▸ **What the exercise asks**
A verbatim copy of all the data is required; the pictures should not appear in it.

▸ **Data**
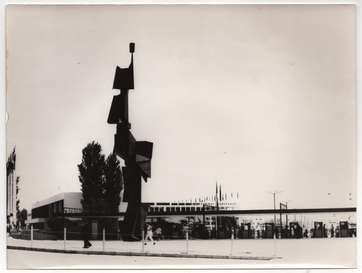 Ασπρόμαυρη εκτυπωμένη φωτογραφία έργου του Γιώργου Ζογγολόπουλου, που είναι τοποθετημένο στην Πλατεία Συντριβανίου μπροστά στην πύλη της Διεθνούς Εκθέσεως Θεσσαλονίκης.
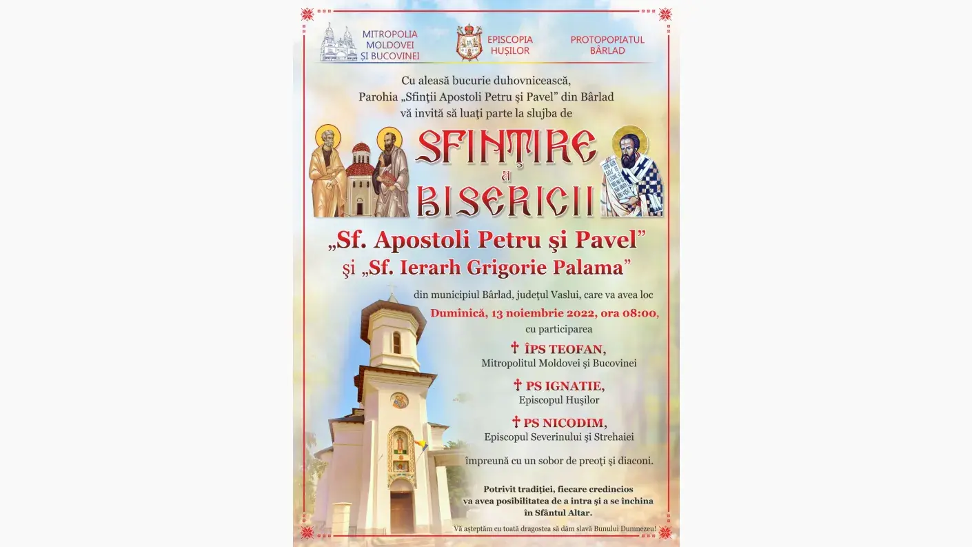 Duminică, 13 noiembrie 2022, Înaltpreasfințitul Părinte Teofan, Mitropolitul Moldovei și Bucovinei, alături de Preasfințitul Părinte Ignatie, Episcopul Hușilor, și de Preasfințitul Părinte Nicodim, Episcopul Severinului și Strehaiei, vor oficia, începând cu ora 08.00, slujba de sfințire a bisericii cu hramurile „Sfinții Apostoli Petru și Pavel și „Sfântul Grigorie Palama” din municipiul Bârlad.
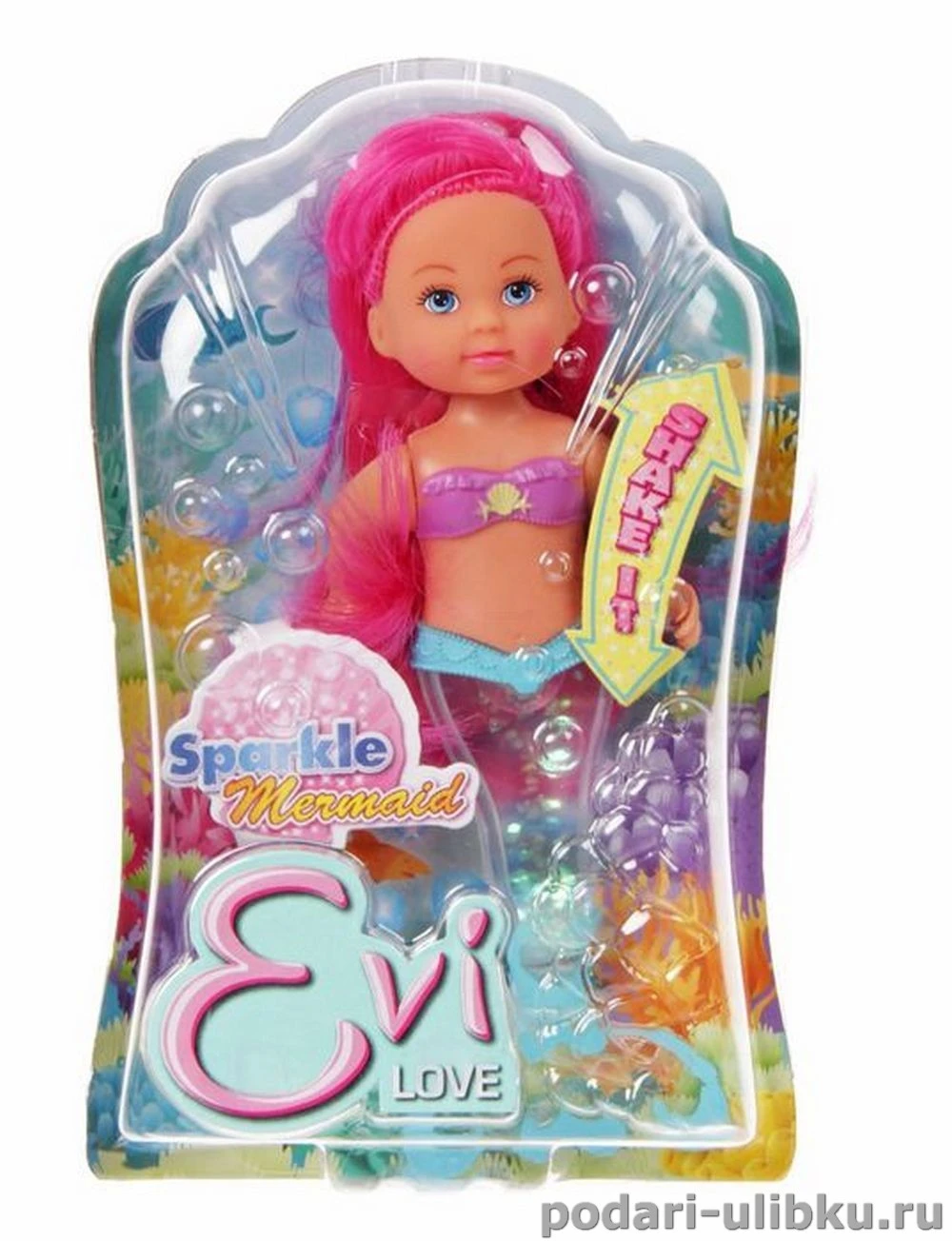 Миниатюрная волшебная кукла Еви-русалка очарует любую девочку с первого взгляда! У этой красавицы длинные мягкие розовые волосы. Волосы прошиты и поэтому их можно без опаски расчёсывать и создавать различные причёски для маленькой крошки-русалочки.

▸ **Written response**
 Ασπρόμαυρη εκτυπωμένη φωτογραφία έργου του Γιώργου Ζογγολόπουλου, που είναι τοποθετημένο στην Πλατεία Συντριβανίου μπροστά στην πύλη της Διεθνούς Εκθέσεως Θεσσαλονίκης.
 Duminică, 13 noiembrie 2022, Înaltpreasfințitul Părinte Teofan, Mitropolitul Moldovei și Bucovinei, alături de Preasfințitul Părinte Ignatie, Episcopul Hușilor, și de Preasfințitul Părinte Nicodim, Episcopul Severinului și Strehaiei, vor oficia, începând cu ora 08.00, slujba de sfințire a bisericii cu hramurile „Sfinții Apostoli Petru și Pavel și „Sfântul Grigorie Palama” din municipiul Bârlad.
 Миниатюрная волшебная кукла Еви-русалка очарует любую девочку с первого взгляда! У этой красавицы длинные мягкие розовые волосы. Волосы прошиты и поэтому их можно без опаски расчёсывать и создавать различные причёски для маленькой крошки-русалочки.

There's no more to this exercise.